The invariant is that after processing width $i$, the variable ans equals the number of tilings of a $3\times i$ rectangle. Initially this is true for width zero because there is one empty tiling. Every increase of two columns doubles the number of possibilities, so the invariant remains valid. When width $n$ is reached, ans equals the desired number of tilings.

Python Solution

import sys
input = sys.stdin.readline

n = int(input())

if n % 2 == 1:
    print(0)
else:
    ans = 1
    for _ in range(n // 2):
        ans *= 2
    print(ans)

The first step checks whether the width is odd. Since the total number of cells would be odd, no complete covering is possible, so the answer is immediately zero.

For even widths, the variable ans stores the number of tilings for the current processed width. It starts from the base case $f(0)=1$. Each iteration corresponds to adding two columns, and every such extension doubles the number of valid tilings.

Python integers automatically grow to arbitrary size, so even the answer for $n=60$ fits safely without overflow concerns.

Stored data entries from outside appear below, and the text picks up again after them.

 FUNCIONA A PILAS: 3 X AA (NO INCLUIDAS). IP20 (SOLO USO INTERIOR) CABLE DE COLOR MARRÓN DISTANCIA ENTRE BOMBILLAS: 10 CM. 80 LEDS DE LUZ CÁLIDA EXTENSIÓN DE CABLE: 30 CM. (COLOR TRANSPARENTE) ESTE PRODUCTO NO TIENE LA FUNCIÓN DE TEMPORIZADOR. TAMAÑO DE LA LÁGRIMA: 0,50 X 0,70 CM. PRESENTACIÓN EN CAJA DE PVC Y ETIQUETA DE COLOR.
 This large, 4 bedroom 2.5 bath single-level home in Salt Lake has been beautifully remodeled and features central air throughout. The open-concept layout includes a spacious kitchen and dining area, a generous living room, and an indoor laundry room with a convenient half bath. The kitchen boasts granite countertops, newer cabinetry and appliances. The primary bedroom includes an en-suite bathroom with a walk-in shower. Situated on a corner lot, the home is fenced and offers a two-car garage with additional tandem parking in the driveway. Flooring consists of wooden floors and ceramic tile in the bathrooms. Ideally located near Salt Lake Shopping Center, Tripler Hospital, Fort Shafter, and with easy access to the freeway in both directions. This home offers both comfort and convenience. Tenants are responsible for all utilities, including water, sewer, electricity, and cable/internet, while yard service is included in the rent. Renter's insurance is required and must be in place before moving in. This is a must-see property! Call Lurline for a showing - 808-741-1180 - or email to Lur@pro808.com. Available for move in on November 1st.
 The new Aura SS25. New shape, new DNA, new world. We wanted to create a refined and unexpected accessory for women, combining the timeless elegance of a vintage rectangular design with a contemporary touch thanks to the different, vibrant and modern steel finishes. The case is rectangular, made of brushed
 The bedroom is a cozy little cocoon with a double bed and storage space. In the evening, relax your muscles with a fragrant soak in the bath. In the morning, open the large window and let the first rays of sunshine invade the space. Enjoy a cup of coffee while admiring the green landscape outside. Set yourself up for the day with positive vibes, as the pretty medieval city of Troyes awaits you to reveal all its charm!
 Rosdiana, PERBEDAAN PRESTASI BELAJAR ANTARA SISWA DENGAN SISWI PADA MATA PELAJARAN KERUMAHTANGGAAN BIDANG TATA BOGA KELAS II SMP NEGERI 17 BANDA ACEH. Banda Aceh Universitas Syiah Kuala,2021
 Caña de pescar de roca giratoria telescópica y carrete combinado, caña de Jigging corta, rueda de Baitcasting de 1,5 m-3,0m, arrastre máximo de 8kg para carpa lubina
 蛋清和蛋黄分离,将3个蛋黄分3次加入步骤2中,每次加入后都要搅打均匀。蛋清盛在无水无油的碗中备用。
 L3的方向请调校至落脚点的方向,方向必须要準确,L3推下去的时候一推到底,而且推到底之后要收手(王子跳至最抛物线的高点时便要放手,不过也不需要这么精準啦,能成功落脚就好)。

The loop runs exactly n // 2 times. Using integer division avoids off-by-one mistakes when $n=0$ or $n=2$.

Worked Examples

Example 1

Input

4
Step Current width ans
Initial 0 1
After first iteration 2 2
After second iteration 4 4

Output

4

This trace shows how each pair of columns doubles the number of configurations.

Example 2

Input

1
Step Current width ans
Read n 1 -
Odd check - -

Output

0

This example exercises the parity condition. Since the number of cells is odd, no domino tiling exists.

Complexity Analysis

Measure Complexity Explanation
Time $O(n)$ The loop executes $n/2$ times
Space $O(1)$ Only a few variables are stored

With $n\le60$, even linear time is trivial. The program performs at most thirty iterations and uses constant memory, comfortably satisfying the limits.

Test Cases

# helper: run solution on input string, return output string
import sys, io

def run(inp: str) -> str:
    sys.stdin = io.StringIO(inp)
    n = int(sys.stdin.readline())

    if n % 2 == 1:
        return "0\n"

    ans = 1
    for _ in range(n // 2):
        ans *= 2
    return str(ans) + "\n"

# provided sample
assert run("4\n") == "4\n", "sample 1"

# custom cases
assert run("1\n") == "0\n", "minimum odd width"
assert run("2\n") == "2\n", "smallest even width"
assert run("3\n") == "0\n", "another odd width"
assert run("60\n") == "1073741824\n", "maximum input"
Test input Expected output What it validates
1 0 Odd width has no solution
2 2 Smallest even width
3 0 Parity handling
60 1073741824 Maximum input size

Edge Cases

For the input

1

the algorithm immediately detects that $n$ is odd and prints

0

No loop iterations are performed. This prevents applying the recurrence to an impossible board.

For the input

2

the computation proceeds as follows.

Width ans
0 1
2 2

The final answer is

2

This confirms that the base case $f(0)=1$ is propagated correctly.

For the input

5

the odd-width check again triggers immediately.

0

Without this check, a recurrence designed for even widths could incorrectly produce a positive answer.

For the maximum input

60

the loop executes thirty times, repeatedly doubling the count. Python's arbitrary-precision integers guarantee that the value

1073741824

is produced exactly without overflow.